PMunch / futhark

Automatic wrapping of C headers in Nim
MIT License
357 stars 19 forks source link

SIGSEGV when running opir #11

Closed planetis-m closed 2 years ago

planetis-m commented 2 years ago

I have installed raylib globally as per https://github.com/raysan5/raylib/wiki/Working-on-GNU-Linux#build-raylib-using-make My nim code is:

import futhark

# Tell futhark where to find the C libraries you will compile with, and what
# header files you wish to import.
importc:
  absPath "/usr/lib/clang/13.0.0/include/"
  absPath "/usr/local/include"
  "raylib.h"

# Tell Nim how to compile against the library. If you have a dynamic library
# this would simply be a `--passL:"-l<library name>`
{.passL: "-lraylib -lGL -lm -lpthread -ldl -lrt -lX11 -DPLATFORM_DESKTOP".}

# Use the library just like you would in C!
proc main =
  InitWindow(800, 450, "raylib [core] example - basic window")
  while not WindowShouldClose():
    BeginDrawing()
    ClearBackground(RAYWHITE)
    DrawText("Congrats! You created your first window!", 190, 200, 20, LIGHTGRAY)
    EndDrawing()
  CloseWindow()

main()

The output I am getting when running opir -I/usr/local/include -I/usr/lib/clang/13.0.0/include ~/.cache/nim/makeray_r/futhark-includes.h:

Traceback (most recent call last)
futhark/src/opir.nim(343) opir
SIGSEGV: Illegal storage access. (Attempt to read from nil?)
(segmentation fault) (core dumped)

Any way to debug this further?

PMunch commented 2 years ago

Hmm, not entirely sure. Running the exact same code on my machine works fine, albeit erroring out on something else.. Which clang package do you have installed? And I assume you have the right glfw backend installed?

planetis-m commented 2 years ago

I didn't have glfw installed, as its bundled with raylib. I have installed my system's glfw (added the /usr/include/GLFW/ in importc) but no change.

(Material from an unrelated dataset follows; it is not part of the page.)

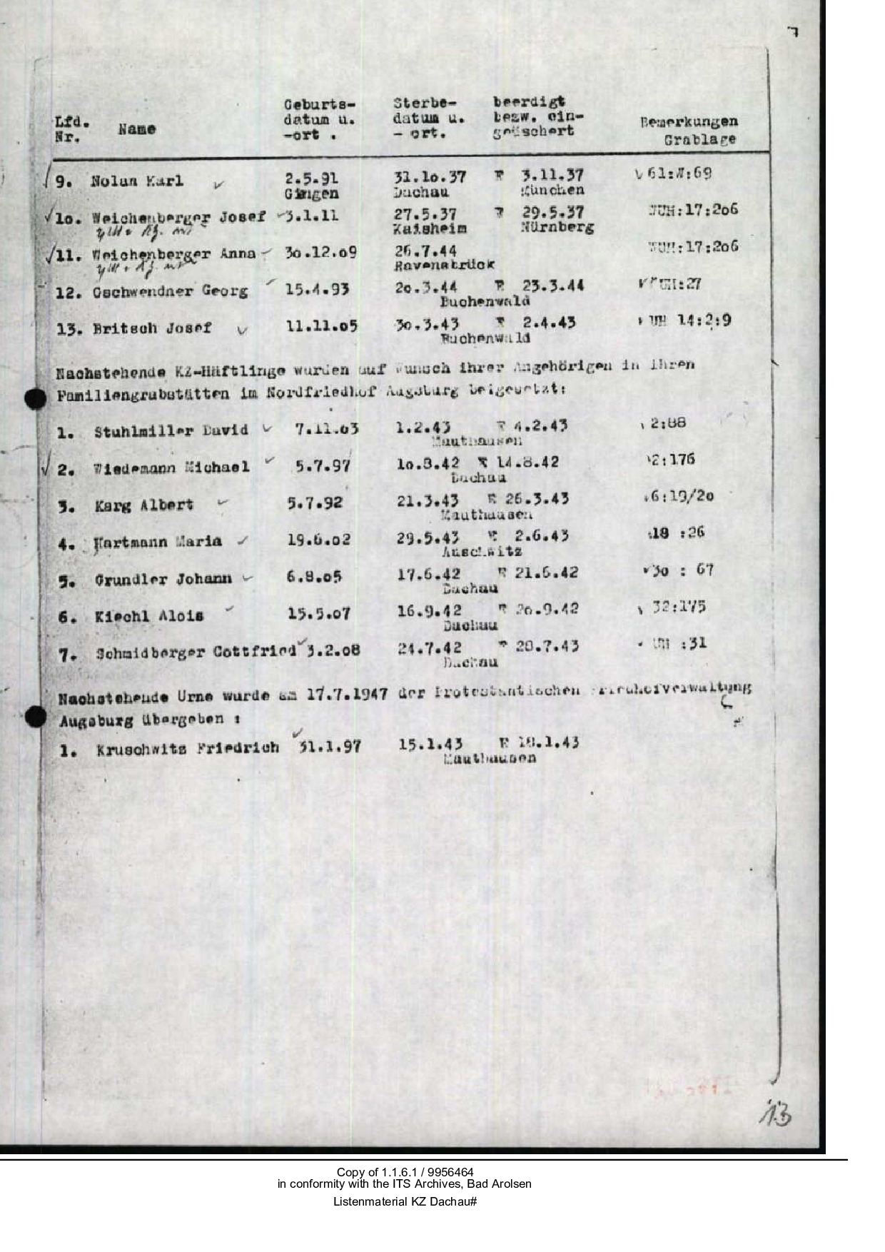 ITS Bad Arolsen, Alois Kiechl Nr. 10676671; 9919959; 10129721; 4090876;

I package clang 13.0.0-4 from Manjaro installed (stable branch).

PMunch commented 2 years ago

I'm also on Manjaro and when I installed raylib it asked me if I wanted to install the glfw dependency as Wayland or X11.

planetis-m commented 2 years ago

Till now I was using statically built raylib, I will try again with shared raylib from the Manjaro repo and report back to you.

planetis-m commented 2 years ago

I get the same error, however a thing I forgot to report is I don't have nimble installed. I compiled opir and modified futhark to run ./opir in line 458. I just copied opir in my PATH and removed my modification, no difference.

my nim.cfg in futhark directory

############# begin Atlas config section ##########
--noNimblePath
--path:"../futhark/src"
--path:"../libclang-nim/src/"
--path:"../termstyle"
--path:"../macroutils/src"
############# end Atlas config section   ##########

seems to work fine...

planetis-m commented 2 years ago

I think the problem lies with libclang-nim, my system has installed libclang.so, but the bindings don't use the dynlib pragma. using passL: "-static -lclang" reveals I don't have a static libclang installed.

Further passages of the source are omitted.